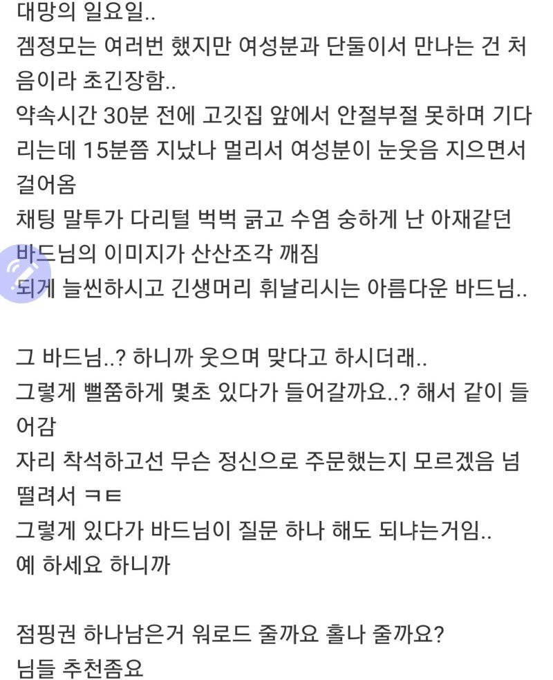 같이 로아하던 여자와 오프라인에서 만나게 된 썰 라이츄 0 1297 0 07.14 20:00 link URL 복사: https://humorpick.com/bbs/board.php?bo_table=ssul&wr_id=409 이런건 또 혼자보면 안된다고 배웠어요 나만볼 순 없지 0
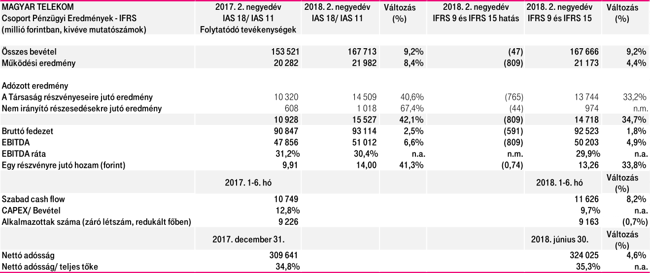 közzétette 2018. második negyedévre és első félévre vonatkozó Nemzetközi Pénzügyi Jelentési Szabványok (IFRS) szerinti konszolidált
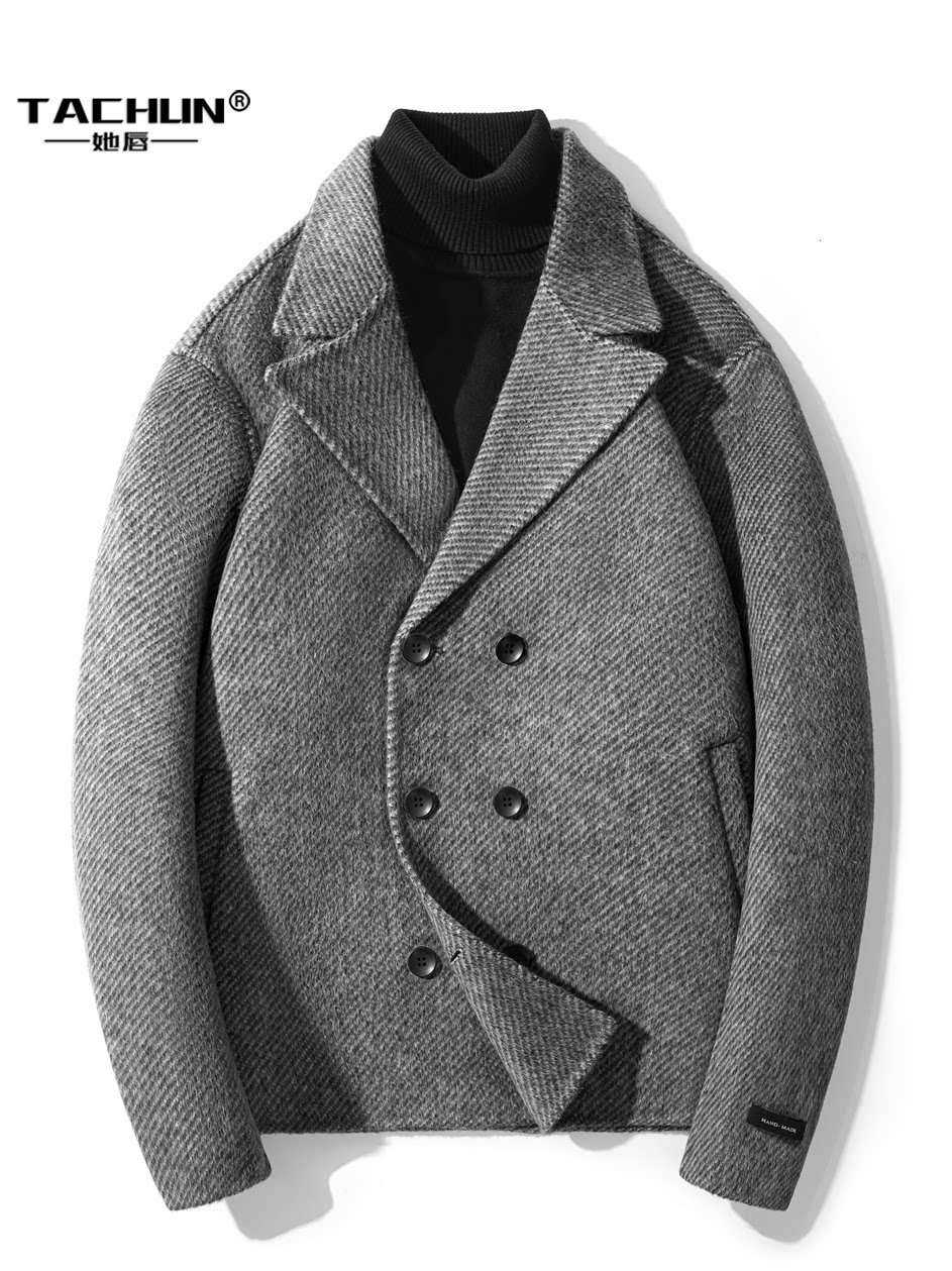 Men's Short Wool Coat for Autumn and Winter, High-End Fashion, Double-Sided Woolen Cashmere, Thick Double-Breasted Woolen Jacket, Trendy

→ Exercise requirements: Everything in the data except the pictures should be restated word for word.

→ Result of the exercise:
 같이 로아하던 여자와 오프라인에서 만나게 된 썰 라이츄 0 1297 0 07.14 20:00 link URL 복사: https://humorpick.com/bbs/board.php?bo_table=ssul&wr_id=409 이런건 또 혼자보면 안된다고 배웠어요 나만볼 순 없지 0
 közzétette 2018. második negyedévre és első félévre vonatkozó Nemzetközi Pénzügyi Jelentési Szabványok (IFRS) szerinti konszolidált
 Men's Short Wool Coat for Autumn and Winter, High-End Fashion, Double-Sided Woolen Cashmere, Thick Double-Breasted Woolen Jacket, Trendy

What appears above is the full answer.